Die wettbewerbsrechtlichen Anforderungen im Online-Handel werden stark dadurch geprägt, wie die Gerichte die jeweiligen gesetzlichen Anforderungen interpretieren. Hier finden Sie einige neuere Urteile zu relevanten Themen:

Widerrufsfrist bei e-Bay-Shops
Impressumsangaben auf Homepages 
Musterbelehrung zum Widerrufsrecht
Angabe von Lieferfristen

 

Widerrufsfrist bei e-Bay-Shops

Schon im letzten Jahr sorgte das erste Urteil zum Thema Widerrufsfrist bei e-Bay-Shops für einige Unruhe in der e-Bay-Szene und für eine nachfolgende Abmahnwelle. Mittlerweile hat die Mehrheit der Gerichte, die sich mit daraus resultierenden Streitigkeiten befassten, sich der Ansicht angeschlossen, dass die Widerrufsfrist des Verbrauchers bei der typischen e-Bay-Versteigerung in der Tat nicht zwei Wochen, sondern einen Monat beträgt. Dies liegt daran, dass der Käufer die Belehrung in Textform (also meistens per Mail) nicht vor dem Vertragsschluss erhält, sondern normalerweise erst zusammen mit dem Zuschlag, also mit der Bestätigungsmail. Widerrufsbelehrungen von bei e-Bay betriebenen Shops, die dies nicht berücksichtigen, sind falsch und somit wettbewerbswidrig.
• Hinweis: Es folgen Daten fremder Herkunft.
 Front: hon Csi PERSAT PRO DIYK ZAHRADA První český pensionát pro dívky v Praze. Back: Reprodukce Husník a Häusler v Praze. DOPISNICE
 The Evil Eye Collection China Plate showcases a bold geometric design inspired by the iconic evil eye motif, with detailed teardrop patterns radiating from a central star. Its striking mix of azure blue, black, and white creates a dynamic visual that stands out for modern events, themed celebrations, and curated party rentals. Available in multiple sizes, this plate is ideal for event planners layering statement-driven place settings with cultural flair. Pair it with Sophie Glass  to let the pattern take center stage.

Impressumsangaben auf der Homepage

Das OLG Oldenburg hat in einem Beschluss vom 12.5.2007 entschieden, dass der Betreiber eines Online-Shops in seinem Impressum auch eine Telefonnummer angeben muss.
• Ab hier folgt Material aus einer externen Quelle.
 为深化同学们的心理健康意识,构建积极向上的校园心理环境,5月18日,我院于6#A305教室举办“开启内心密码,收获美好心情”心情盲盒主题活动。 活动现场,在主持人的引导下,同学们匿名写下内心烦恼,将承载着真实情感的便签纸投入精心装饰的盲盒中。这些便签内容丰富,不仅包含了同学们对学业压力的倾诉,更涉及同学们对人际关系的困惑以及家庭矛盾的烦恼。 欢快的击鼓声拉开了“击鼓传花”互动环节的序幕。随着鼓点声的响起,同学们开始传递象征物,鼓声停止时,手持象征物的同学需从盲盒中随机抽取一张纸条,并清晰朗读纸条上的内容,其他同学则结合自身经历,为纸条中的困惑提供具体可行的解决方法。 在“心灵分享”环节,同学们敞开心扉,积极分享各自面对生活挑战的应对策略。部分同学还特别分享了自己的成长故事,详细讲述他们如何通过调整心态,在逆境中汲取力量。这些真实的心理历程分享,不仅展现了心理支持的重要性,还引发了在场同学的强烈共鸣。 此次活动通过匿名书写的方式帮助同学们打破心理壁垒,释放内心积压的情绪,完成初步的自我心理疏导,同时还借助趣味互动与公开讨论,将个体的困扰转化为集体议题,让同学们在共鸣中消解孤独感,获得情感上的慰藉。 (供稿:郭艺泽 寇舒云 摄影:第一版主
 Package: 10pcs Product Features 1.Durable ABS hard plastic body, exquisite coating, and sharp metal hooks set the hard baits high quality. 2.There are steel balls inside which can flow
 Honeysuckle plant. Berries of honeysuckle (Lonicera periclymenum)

Musterbelehrung zur Widerrufsfrist verkehrt?

Es ist schon verrückt: Aber das amtliche Muster für die Belehrung des Verbrauchers bei Fernabsatzgeschäften, das als Vorlage für im Fernabsatz tätige Unternehmer gedacht ist, stimmt nicht mit der Gesetzeslage überein. Zwar gibt es in der Rechtsprechung unterschiedliche Auffassungen, ob die Verwendung des Musters von Konkurrenten erfolgreich abgemahnt werden kann oder nicht, aber um auf der sicheren Seite zu sein, empfiehlt es sich, das amtliche Muster zu „verbessern“. Statt dem Passus: „Die Frist [innerhalb derer der Verbraucher den Vertrag widerrufen kann] beginnt frühestens mit dem Erhalt dieser Belehrung“ sollte man besser formulieren: „Die Frist beginnt mit dem Erhalt dieser Belehrung in Textform, nicht aber vor Erhalt der Ware.“

Lieferfristen genau angeben

Das KG Berlin verlangt in einem aktuellen Beschluss, dass Lieferfristen von Online-Händlern in deren AGB genau angegeben werden müssen. Eine Formulierung wie „in der Regel“ sei zu unbestimmt. Hoffentlich schließen sich andere OLGs dieser realitätsfernen Auffassung nicht an! Bis das klar ist, gilt es jedoch, eine „sichere“ Formulierung zu finden, die Abmahnern keine Angriffsfläche bietet.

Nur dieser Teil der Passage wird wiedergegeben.